▶ _Work item_:
Look below for the line with "Я студент-юрист. Слово" and the line with "This paper investigates"; repeat exactly those two lines and all lines between them, but no pictures.

(Supplied data)

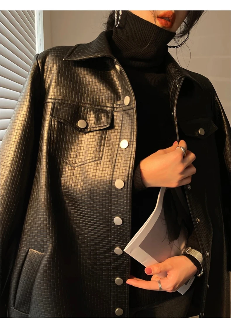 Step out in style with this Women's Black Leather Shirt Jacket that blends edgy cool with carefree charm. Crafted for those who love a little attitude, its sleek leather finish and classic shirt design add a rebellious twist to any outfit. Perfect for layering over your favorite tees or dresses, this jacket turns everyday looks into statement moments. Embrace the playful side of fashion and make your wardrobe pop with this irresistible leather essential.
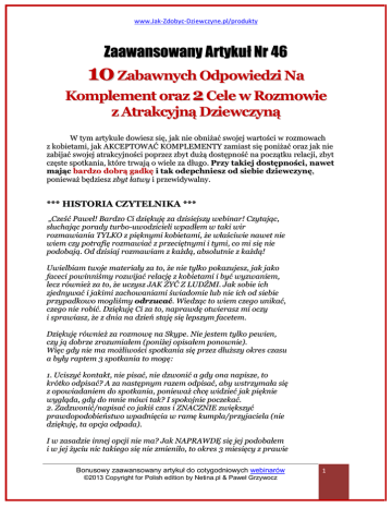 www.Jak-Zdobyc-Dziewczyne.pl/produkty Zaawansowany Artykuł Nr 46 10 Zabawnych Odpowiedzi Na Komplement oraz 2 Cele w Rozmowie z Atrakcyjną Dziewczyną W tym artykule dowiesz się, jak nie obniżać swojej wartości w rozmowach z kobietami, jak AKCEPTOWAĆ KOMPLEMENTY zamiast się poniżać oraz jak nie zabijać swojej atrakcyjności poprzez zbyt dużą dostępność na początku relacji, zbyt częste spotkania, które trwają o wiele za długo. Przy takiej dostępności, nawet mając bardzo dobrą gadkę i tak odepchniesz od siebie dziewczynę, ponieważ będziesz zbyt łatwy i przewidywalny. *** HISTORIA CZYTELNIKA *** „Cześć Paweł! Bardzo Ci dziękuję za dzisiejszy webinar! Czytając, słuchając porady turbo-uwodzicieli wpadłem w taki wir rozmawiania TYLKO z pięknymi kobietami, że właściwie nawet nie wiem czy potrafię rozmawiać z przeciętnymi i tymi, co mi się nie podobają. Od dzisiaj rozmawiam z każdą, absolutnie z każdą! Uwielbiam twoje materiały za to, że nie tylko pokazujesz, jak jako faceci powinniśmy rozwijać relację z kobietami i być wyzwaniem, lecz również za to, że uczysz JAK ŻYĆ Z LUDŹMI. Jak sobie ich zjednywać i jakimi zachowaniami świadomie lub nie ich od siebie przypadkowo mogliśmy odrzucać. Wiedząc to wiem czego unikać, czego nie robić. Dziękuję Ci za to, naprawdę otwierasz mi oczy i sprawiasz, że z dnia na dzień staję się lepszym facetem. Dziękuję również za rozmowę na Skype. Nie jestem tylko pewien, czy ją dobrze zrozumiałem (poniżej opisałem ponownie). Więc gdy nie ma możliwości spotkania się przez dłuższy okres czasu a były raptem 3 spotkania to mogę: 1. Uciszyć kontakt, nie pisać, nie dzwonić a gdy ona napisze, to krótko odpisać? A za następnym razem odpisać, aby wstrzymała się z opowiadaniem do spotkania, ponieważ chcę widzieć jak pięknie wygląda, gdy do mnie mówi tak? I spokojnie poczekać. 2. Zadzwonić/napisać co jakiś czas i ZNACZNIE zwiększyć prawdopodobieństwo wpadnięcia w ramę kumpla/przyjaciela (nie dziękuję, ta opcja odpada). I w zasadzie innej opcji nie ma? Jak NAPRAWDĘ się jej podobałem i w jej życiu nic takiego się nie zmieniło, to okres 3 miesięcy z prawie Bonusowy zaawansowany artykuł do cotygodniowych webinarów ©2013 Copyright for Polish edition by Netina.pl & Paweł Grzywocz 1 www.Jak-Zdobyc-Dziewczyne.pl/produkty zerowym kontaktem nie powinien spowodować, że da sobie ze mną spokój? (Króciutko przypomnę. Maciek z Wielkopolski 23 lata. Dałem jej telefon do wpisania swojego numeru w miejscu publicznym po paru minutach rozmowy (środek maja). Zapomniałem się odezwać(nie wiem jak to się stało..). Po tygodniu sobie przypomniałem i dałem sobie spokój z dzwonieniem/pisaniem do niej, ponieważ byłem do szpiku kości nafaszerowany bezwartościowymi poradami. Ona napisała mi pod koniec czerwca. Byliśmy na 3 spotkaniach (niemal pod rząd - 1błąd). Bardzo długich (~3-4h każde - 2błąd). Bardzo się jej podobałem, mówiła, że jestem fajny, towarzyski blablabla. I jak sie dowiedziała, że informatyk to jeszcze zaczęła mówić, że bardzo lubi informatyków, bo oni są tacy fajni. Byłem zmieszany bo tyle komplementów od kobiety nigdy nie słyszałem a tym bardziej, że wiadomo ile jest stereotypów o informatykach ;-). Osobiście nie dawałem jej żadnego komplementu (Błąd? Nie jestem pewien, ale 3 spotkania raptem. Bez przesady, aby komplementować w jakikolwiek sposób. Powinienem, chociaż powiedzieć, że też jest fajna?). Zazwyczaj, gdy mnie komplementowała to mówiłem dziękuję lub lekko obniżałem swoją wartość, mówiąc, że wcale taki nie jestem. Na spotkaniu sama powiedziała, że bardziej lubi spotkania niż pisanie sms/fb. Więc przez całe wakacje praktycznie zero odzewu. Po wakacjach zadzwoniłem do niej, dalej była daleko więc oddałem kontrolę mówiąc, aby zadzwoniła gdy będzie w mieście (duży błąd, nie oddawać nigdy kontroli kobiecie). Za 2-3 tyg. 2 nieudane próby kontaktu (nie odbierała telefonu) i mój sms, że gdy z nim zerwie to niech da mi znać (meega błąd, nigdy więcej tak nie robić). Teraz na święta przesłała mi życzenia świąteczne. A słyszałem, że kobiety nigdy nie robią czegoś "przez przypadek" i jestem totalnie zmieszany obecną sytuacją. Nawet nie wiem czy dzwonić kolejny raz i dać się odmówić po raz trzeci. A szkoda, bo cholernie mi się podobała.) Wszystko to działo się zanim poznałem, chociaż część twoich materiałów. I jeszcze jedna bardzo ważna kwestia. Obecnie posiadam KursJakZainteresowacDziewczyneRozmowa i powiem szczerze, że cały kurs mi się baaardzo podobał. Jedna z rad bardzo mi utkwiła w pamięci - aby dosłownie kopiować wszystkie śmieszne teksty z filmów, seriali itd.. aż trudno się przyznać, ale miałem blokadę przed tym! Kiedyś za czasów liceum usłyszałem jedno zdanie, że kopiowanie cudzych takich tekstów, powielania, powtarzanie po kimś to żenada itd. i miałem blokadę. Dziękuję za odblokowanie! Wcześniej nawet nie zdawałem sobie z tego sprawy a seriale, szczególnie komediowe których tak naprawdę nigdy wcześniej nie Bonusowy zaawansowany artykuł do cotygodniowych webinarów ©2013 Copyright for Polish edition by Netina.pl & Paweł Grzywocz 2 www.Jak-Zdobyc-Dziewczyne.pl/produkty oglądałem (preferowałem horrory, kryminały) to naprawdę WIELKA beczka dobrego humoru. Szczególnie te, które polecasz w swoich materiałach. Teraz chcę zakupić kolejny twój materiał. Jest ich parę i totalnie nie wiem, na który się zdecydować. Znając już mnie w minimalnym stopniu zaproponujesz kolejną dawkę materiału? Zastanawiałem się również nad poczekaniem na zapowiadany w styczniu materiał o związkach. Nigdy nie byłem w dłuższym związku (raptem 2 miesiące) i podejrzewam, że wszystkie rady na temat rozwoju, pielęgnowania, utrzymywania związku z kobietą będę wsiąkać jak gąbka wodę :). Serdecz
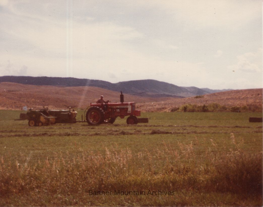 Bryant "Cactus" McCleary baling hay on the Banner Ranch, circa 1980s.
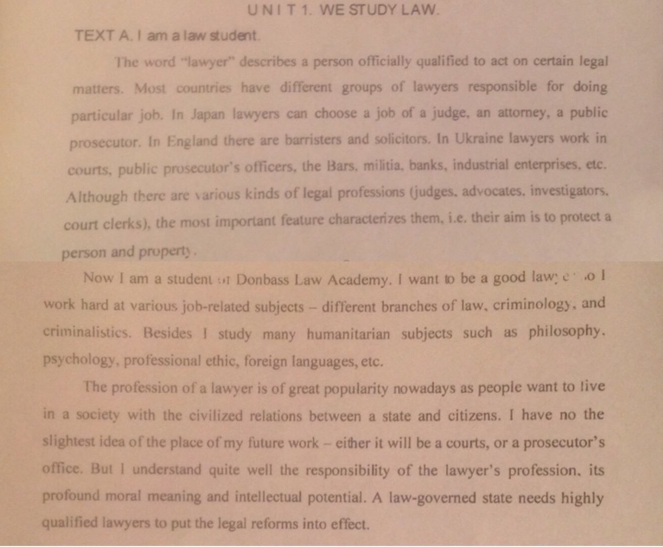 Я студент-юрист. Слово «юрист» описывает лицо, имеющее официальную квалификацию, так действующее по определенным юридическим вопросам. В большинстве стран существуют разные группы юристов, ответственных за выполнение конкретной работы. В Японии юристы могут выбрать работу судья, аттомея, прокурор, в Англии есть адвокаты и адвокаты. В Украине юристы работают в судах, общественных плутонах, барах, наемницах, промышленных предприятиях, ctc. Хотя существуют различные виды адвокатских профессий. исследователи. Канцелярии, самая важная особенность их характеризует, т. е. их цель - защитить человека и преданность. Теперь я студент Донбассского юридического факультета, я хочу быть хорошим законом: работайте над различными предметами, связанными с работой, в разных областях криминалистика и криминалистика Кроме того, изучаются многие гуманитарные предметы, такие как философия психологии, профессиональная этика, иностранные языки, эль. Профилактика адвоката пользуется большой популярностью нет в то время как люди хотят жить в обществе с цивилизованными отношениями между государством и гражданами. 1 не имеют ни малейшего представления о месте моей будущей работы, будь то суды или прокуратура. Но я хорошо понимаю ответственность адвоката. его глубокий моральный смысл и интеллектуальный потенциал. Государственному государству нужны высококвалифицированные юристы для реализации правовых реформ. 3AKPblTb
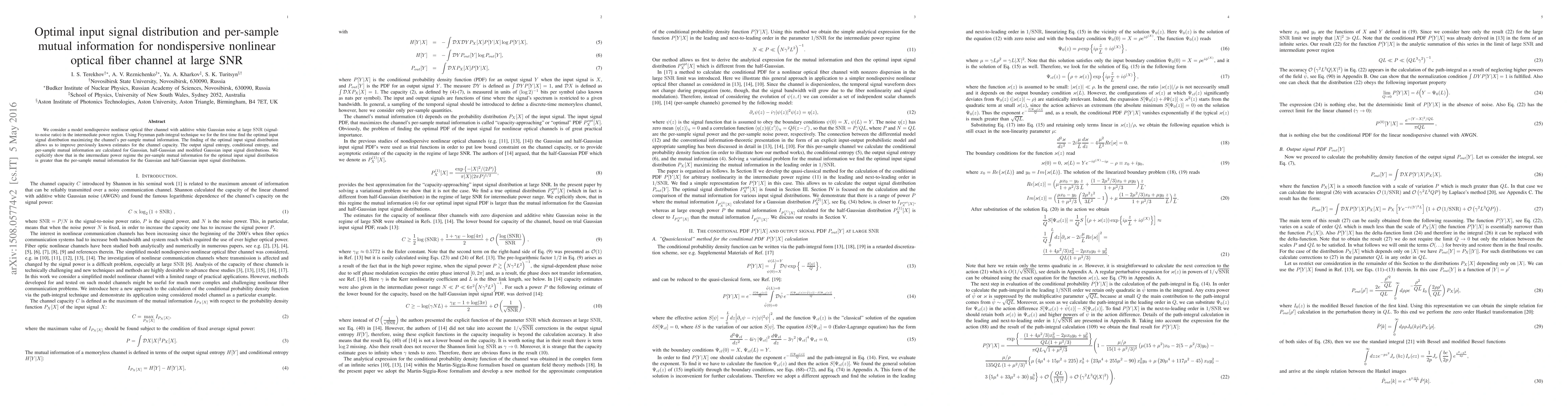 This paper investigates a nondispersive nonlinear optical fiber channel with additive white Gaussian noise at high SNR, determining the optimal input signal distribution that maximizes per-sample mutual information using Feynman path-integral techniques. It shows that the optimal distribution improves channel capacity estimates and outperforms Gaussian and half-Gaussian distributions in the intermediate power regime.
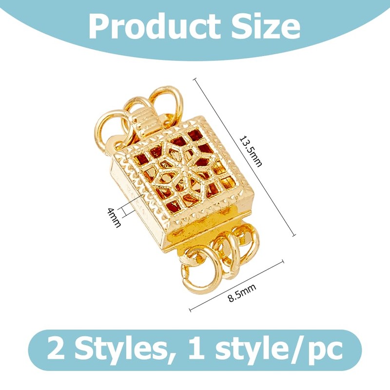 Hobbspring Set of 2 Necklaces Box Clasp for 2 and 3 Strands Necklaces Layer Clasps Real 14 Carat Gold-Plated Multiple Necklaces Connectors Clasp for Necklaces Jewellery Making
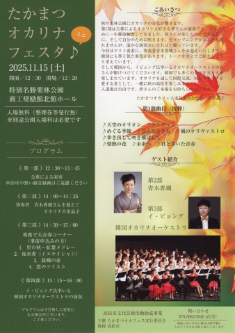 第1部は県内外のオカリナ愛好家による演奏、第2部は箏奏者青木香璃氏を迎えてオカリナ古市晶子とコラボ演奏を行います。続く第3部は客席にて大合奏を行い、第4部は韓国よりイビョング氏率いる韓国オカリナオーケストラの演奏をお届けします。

(End Supplied data)

▶ _Exercise output_:
 Я студент-юрист. Слово «юрист» описывает лицо, имеющее официальную квалификацию, так действующее по определенным юридическим вопросам. В большинстве стран существуют разные группы юристов, ответственных за выполнение конкретной работы. В Японии юристы могут выбрать работу судья, аттомея, прокурор, в Англии есть адвокаты и адвокаты. В Украине юристы работают в судах, общественных плутонах, барах, наемницах, промышленных предприятиях, ctc. Хотя существуют различные виды адвокатских профессий. исследователи. Канцелярии, самая важная особенность их характеризует, т. е. их цель - защитить человека и преданность. Теперь я студент Донбассского юридического факультета, я хочу быть хорошим законом: работайте над различными предметами, связанными с работой, в разных областях криминалистика и криминалистика Кроме того, изучаются многие гуманитарные предметы, такие как философия психологии, профессиональная этика, иностранные языки, эль. Профилактика адвоката пользуется большой популярностью нет в то время как люди хотят жить в обществе с цивилизованными отношениями между государством и гражданами. 1 не имеют ни малейшего представления о месте моей будущей работы, будь то суды или прокуратура. Но я хорошо понимаю ответственность адвоката. его глубокий моральный смысл и интеллектуальный потенциал. Государственному государству нужны высококвалифицированные юристы для реализации правовых реформ. 3AKPblTb
 This paper investigates a nondispersive nonlinear optical fiber channel with additive white Gaussian noise at high SNR, determining the optimal input signal distribution that maximizes per-sample mutual information using Feynman path-integral techniques. It shows that the optimal distribution improves channel capacity estimates and outperforms Gaussian and half-Gaussian distributions in the intermediate power regime.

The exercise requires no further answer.